19 Jul Broad Applications of Coriander Seeds in Modern Food Preparations
Often confused with its look-alike Cilantro or Chinese parsley, Coriander has a distinct appearance altogether. Whether in form of leaves or seeds, Coriander is used extensively in worldwide food preparations. Coriander seeds are as crucial as the leaves of the parent plant. While the leaves are usually referred as fresh coriander, the word “coriander” may refer to the dry fruits or seeds only when it comes to food preparation.

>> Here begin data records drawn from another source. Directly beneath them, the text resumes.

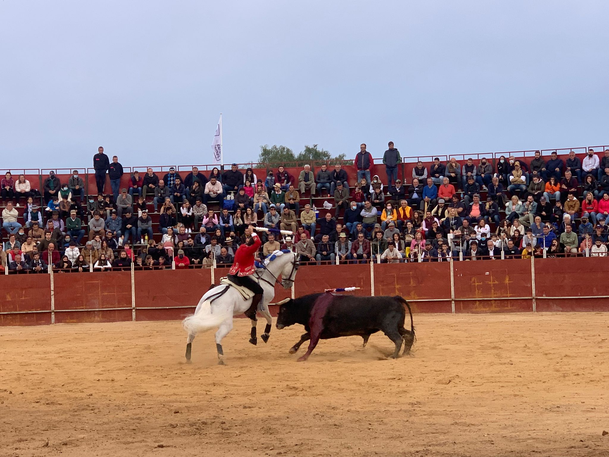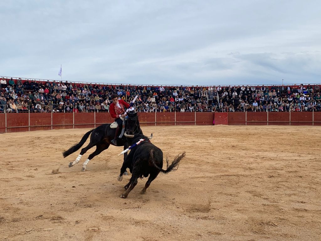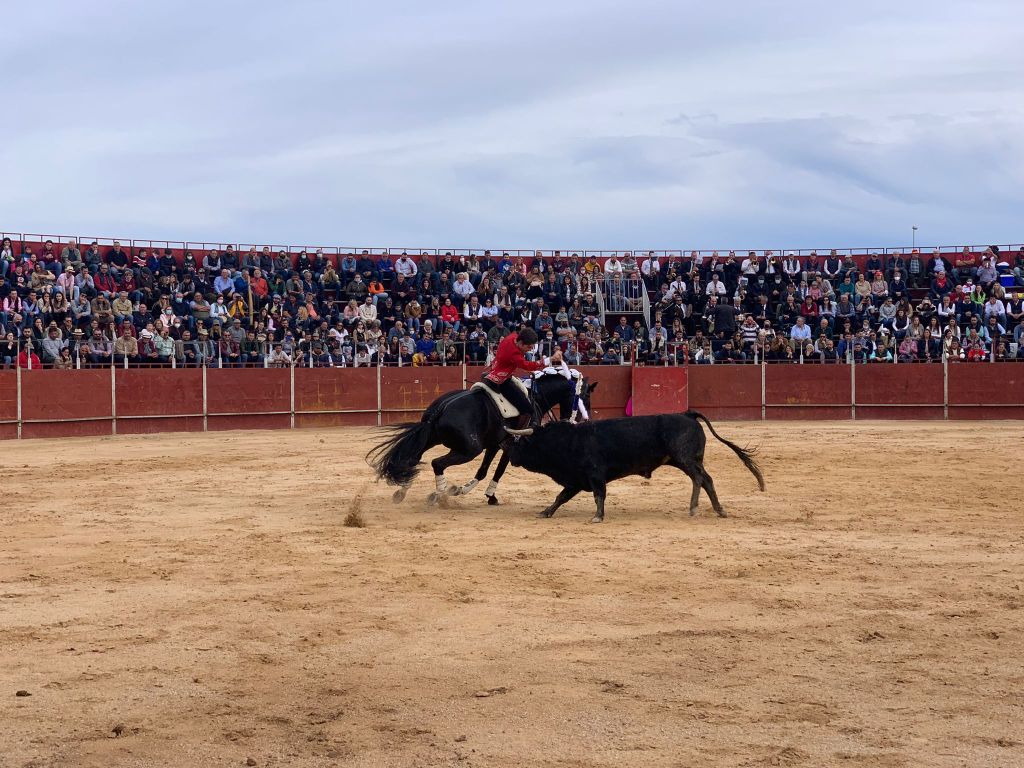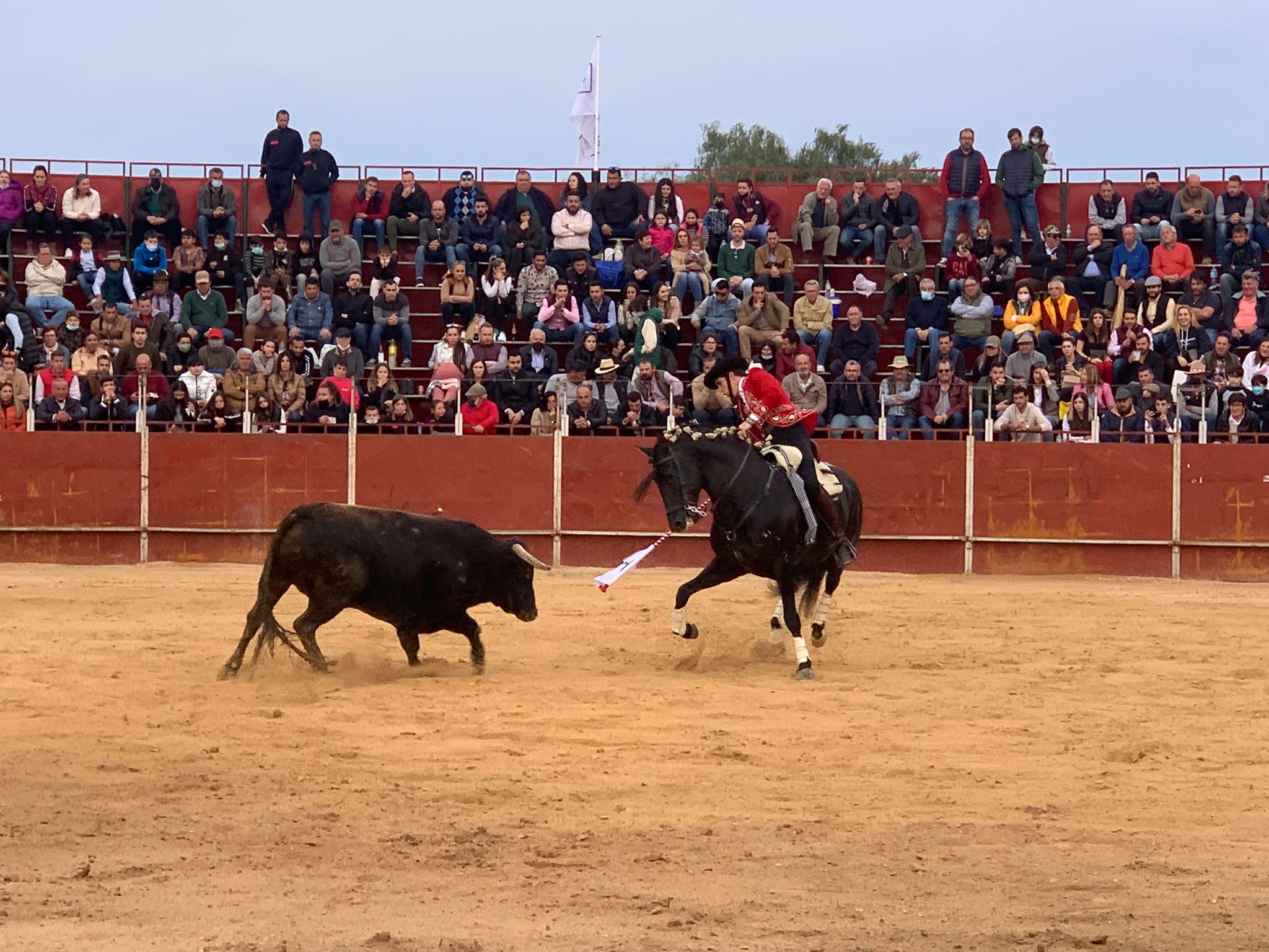 La plaza de toros portátil instalada en la pedanía cartagenera de La Palma acogió este domingo, 13 de marzo, una corrida de rejones en la que estaban acartelados los rejoneadores Andy Cartagena, Joao Moura Caetano y Guillermo Hermoso de Mendoza para enfrentarse a las reses portuguesas de los Hermanos Moura Caetano.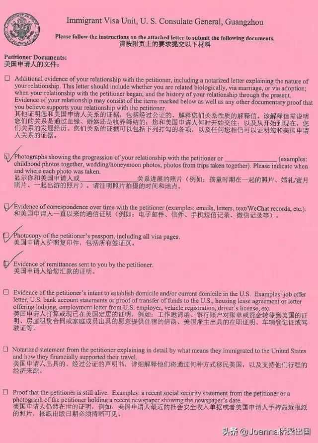 明申请人与美国公民或者绿卡持有者的亲属关系。这是非常重要的一个拒签原因,也是提醒我们准备资料的时候尤其重视的一块;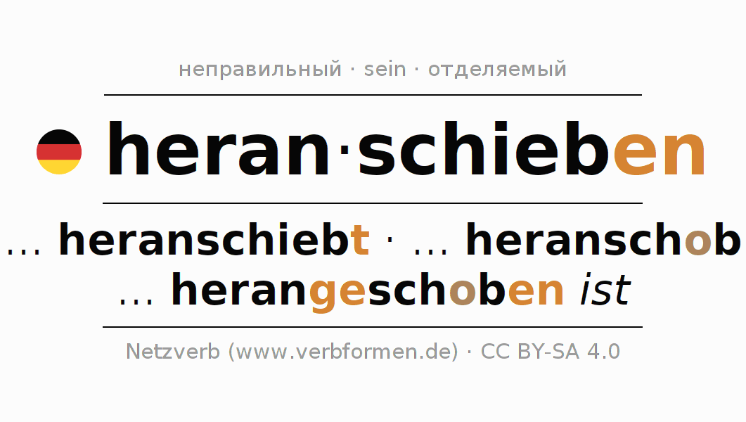 - Презенс: schieb(e) (du) heran, schieben wir heran, schiebt (ihr) heran, schieben Sie heran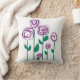 En kudde med abstrakta blommor som ser ut att vara broderade på kudden. Detta skulle vara bra i ett flickrum.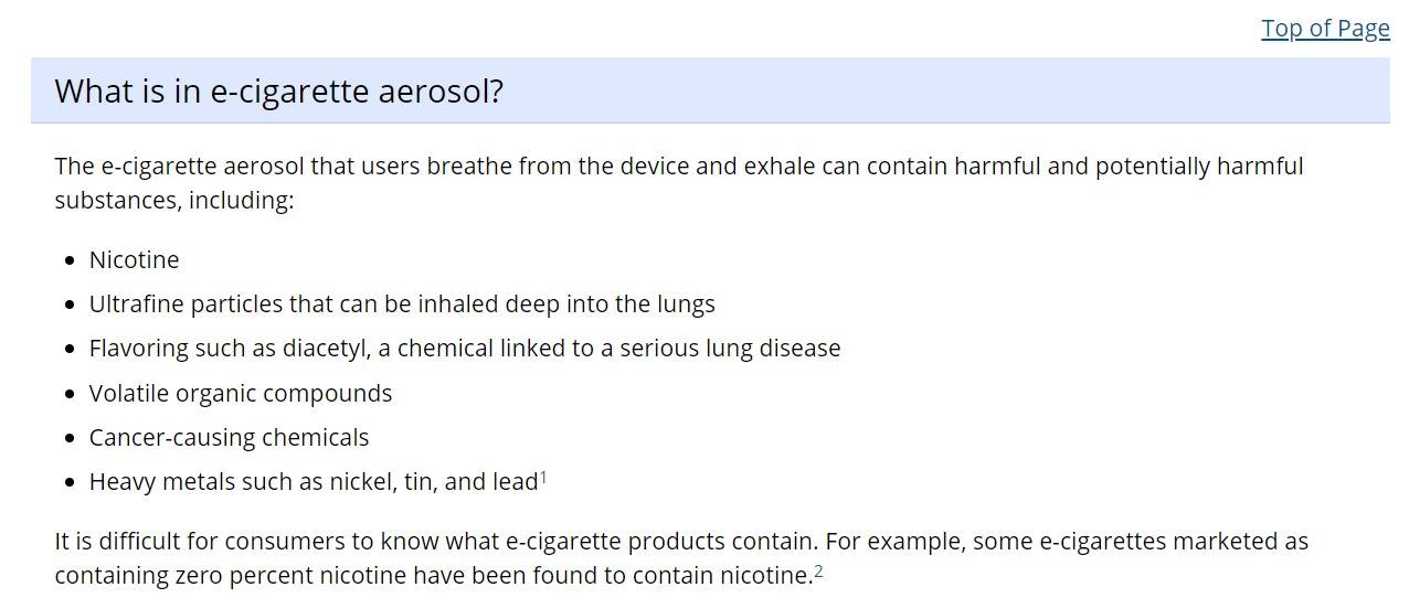 CDC 则在官网列明,除了尼古丁之外,电子烟气溶胶还可能含有致癌化学物质,挥发性有机化合物,可吸入肺部深处的超微粒子,与肺病相关的双乙酰调味剂,以及镍、锡、铅等重金属。

Crushed coriander seeds produce a lemony citrus flavour often described as nutty, spicy and warm by food enthusiasts. The typical aroma and flavour of coriander though is due to the polyphenols and terpenes contained in its essential oil. Dry coriander seeds can be roasted in dry pan to enhance the overall flavour, aroma, and pungency. Roasted seeds can be even relished as snacks.
Original flavours escape swiftly from grounded coriander if kept stored for long; hence the seeds are grounded fresh to avoid flavour loss. Typically used as an essential spice in Indian cuisines, coriander seeds have a reputation for enhancing flavours of curries and vegetables, provided a balanced amount is used in food preparation. Using slightly excessive coriander in any recipe has the potential of spoiling the overall flavour. These are a crucial ingredient of two popular South Indian cuisines, Rasam and Sambhar.
While coriander seeds are used in sausages in countries like Germany and South Africa; these form one of the ingredients in preparing bread in Central Europe and Russia. In North America, the powdered seeds are used as condiment while leaves serve the purpose of salad. Certain styles of beer too are brewed using coriander seeds.